• Exercise instructions: Among the lines below, keep only those from the one containing "我想与你一起 保护眼睛 爱眼歌" through the one containing "(1) The removal", and reproduce them exactly.

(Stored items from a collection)
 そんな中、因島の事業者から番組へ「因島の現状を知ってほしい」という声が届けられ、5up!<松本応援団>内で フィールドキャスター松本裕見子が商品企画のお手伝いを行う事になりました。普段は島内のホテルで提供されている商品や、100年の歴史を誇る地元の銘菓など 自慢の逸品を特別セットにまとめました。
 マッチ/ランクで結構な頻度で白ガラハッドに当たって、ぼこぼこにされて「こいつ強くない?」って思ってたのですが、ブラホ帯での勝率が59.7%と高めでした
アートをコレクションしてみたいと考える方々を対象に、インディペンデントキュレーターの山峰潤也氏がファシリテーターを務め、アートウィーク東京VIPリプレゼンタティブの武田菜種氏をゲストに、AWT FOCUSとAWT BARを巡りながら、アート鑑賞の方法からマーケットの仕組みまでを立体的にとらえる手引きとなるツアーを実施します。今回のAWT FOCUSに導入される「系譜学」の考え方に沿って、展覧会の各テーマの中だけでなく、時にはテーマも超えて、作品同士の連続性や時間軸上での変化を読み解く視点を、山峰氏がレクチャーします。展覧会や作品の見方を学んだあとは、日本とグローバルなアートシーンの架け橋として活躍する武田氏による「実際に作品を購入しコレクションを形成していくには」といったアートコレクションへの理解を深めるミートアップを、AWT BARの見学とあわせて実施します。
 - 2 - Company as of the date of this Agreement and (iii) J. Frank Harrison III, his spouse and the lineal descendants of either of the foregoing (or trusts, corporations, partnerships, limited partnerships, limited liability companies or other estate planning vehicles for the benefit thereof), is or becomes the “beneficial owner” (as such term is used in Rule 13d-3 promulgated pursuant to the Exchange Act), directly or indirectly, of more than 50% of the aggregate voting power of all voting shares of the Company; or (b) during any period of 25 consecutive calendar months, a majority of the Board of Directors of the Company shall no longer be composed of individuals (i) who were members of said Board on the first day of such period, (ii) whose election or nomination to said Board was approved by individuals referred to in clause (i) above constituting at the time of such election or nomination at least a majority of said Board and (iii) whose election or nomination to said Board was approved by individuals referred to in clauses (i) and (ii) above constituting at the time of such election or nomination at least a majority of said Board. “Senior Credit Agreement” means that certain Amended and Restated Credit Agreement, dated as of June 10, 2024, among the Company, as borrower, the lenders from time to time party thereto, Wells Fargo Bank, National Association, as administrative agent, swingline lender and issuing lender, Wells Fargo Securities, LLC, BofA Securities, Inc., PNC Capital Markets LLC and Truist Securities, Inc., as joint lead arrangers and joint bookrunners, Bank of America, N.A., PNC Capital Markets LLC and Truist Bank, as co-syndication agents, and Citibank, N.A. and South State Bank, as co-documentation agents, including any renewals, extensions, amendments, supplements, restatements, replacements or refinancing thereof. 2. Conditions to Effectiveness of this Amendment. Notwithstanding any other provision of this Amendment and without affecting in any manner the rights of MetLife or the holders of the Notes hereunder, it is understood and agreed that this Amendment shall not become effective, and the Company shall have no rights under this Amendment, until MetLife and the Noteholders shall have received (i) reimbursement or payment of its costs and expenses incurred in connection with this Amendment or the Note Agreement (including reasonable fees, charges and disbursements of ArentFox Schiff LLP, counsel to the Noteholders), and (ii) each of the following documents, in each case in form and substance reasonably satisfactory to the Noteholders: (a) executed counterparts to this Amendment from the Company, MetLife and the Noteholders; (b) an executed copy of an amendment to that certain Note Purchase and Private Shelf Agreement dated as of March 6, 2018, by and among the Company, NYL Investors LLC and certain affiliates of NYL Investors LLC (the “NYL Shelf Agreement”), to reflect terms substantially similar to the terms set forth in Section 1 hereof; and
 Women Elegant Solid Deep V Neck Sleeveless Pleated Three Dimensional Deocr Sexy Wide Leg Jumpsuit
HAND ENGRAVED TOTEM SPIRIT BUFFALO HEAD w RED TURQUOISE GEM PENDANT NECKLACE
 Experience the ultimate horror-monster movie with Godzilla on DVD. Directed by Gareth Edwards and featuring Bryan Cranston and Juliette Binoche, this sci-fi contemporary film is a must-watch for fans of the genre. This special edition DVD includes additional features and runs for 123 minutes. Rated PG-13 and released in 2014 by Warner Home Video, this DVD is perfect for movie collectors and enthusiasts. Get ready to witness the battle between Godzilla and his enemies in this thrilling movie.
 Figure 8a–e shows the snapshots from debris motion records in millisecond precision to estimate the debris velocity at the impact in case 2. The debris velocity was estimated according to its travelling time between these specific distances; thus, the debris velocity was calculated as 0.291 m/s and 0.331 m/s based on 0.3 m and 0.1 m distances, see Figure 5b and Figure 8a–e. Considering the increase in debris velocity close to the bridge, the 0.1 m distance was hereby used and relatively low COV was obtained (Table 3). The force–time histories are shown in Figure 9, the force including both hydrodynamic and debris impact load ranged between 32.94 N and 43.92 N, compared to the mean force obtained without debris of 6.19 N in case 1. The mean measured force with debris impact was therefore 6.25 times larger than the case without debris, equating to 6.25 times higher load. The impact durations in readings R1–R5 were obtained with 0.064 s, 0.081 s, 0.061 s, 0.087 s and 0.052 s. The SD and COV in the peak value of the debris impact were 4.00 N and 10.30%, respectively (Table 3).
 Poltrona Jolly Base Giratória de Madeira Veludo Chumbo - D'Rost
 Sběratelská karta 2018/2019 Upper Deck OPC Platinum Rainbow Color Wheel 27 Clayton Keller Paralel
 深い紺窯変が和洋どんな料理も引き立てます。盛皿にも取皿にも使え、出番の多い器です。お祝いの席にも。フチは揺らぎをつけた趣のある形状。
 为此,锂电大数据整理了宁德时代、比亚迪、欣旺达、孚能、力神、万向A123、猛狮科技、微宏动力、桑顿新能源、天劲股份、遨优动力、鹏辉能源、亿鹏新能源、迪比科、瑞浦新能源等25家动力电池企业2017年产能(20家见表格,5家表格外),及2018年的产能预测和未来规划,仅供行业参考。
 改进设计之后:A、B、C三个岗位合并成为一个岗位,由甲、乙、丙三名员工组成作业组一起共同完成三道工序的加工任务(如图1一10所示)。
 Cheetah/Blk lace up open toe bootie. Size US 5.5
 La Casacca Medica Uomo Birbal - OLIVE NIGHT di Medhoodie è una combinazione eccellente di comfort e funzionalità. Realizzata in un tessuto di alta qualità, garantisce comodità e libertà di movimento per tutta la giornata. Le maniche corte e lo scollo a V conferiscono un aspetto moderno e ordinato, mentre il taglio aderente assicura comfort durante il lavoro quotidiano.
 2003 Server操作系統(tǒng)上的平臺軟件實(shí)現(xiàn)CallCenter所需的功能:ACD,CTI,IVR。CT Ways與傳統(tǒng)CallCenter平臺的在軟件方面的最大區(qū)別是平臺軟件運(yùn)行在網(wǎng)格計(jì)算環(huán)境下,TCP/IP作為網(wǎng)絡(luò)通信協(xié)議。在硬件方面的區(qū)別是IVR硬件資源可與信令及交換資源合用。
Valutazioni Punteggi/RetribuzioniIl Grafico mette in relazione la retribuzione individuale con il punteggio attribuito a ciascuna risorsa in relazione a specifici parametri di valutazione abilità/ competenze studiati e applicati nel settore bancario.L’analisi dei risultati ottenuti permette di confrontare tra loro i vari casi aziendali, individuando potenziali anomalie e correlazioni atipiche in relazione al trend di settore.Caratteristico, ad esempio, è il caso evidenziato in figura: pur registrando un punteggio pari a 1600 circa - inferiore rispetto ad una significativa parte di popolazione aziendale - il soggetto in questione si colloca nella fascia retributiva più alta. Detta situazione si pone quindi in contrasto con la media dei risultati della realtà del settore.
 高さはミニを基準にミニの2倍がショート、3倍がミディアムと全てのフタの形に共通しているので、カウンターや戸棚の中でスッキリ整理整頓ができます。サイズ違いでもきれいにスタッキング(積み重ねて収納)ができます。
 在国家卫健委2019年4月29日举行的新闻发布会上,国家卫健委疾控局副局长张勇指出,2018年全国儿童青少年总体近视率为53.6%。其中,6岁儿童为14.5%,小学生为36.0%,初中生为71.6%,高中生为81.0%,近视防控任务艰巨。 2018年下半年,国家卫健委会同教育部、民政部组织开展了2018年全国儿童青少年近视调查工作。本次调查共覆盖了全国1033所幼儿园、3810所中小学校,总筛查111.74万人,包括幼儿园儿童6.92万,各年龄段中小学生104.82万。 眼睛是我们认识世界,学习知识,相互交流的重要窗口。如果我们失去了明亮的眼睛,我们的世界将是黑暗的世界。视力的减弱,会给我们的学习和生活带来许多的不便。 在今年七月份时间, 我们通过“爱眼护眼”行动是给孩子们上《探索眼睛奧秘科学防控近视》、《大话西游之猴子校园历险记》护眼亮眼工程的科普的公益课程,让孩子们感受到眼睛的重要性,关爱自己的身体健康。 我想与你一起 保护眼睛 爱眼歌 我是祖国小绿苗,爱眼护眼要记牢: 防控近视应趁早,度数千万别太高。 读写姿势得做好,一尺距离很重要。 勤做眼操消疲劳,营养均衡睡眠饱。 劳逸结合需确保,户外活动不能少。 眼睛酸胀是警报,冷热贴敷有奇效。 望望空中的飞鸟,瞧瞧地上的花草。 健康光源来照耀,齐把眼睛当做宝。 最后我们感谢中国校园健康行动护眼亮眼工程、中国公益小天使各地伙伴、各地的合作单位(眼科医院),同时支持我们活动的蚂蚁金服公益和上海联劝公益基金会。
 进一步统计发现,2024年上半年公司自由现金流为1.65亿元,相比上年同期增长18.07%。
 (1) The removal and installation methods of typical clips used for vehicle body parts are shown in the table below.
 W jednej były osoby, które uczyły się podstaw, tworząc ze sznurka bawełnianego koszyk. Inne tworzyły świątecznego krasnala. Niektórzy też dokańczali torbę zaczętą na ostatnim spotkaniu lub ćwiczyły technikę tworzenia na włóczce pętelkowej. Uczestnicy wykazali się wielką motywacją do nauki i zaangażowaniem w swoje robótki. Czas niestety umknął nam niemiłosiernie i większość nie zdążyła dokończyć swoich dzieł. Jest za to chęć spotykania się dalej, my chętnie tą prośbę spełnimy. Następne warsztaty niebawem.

• Answer box:
 在国家卫健委2019年4月29日举行的新闻发布会上,国家卫健委疾控局副局长张勇指出,2018年全国儿童青少年总体近视率为53.6%。其中,6岁儿童为14.5%,小学生为36.0%,初中生为71.6%,高中生为81.0%,近视防控任务艰巨。 2018年下半年,国家卫健委会同教育部、民政部组织开展了2018年全国儿童青少年近视调查工作。本次调查共覆盖了全国1033所幼儿园、3810所中小学校,总筛查111.74万人,包括幼儿园儿童6.92万,各年龄段中小学生104.82万。 眼睛是我们认识世界,学习知识,相互交流的重要窗口。如果我们失去了明亮的眼睛,我们的世界将是黑暗的世界。视力的减弱,会给我们的学习和生活带来许多的不便。 在今年七月份时间, 我们通过“爱眼护眼”行动是给孩子们上《探索眼睛奧秘科学防控近视》、《大话西游之猴子校园历险记》护眼亮眼工程的科普的公益课程,让孩子们感受到眼睛的重要性,关爱自己的身体健康。 我想与你一起 保护眼睛 爱眼歌 我是祖国小绿苗,爱眼护眼要记牢: 防控近视应趁早,度数千万别太高。 读写姿势得做好,一尺距离很重要。 勤做眼操消疲劳,营养均衡睡眠饱。 劳逸结合需确保,户外活动不能少。 眼睛酸胀是警报,冷热贴敷有奇效。 望望空中的飞鸟,瞧瞧地上的花草。 健康光源来照耀,齐把眼睛当做宝。 最后我们感谢中国校园健康行动护眼亮眼工程、中国公益小天使各地伙伴、各地的合作单位(眼科医院),同时支持我们活动的蚂蚁金服公益和上海联劝公益基金会。
 进一步统计发现,2024年上半年公司自由现金流为1.65亿元,相比上年同期增长18.07%。
 (1) The removal and installation methods of typical clips used for vehicle body parts are shown in the table below.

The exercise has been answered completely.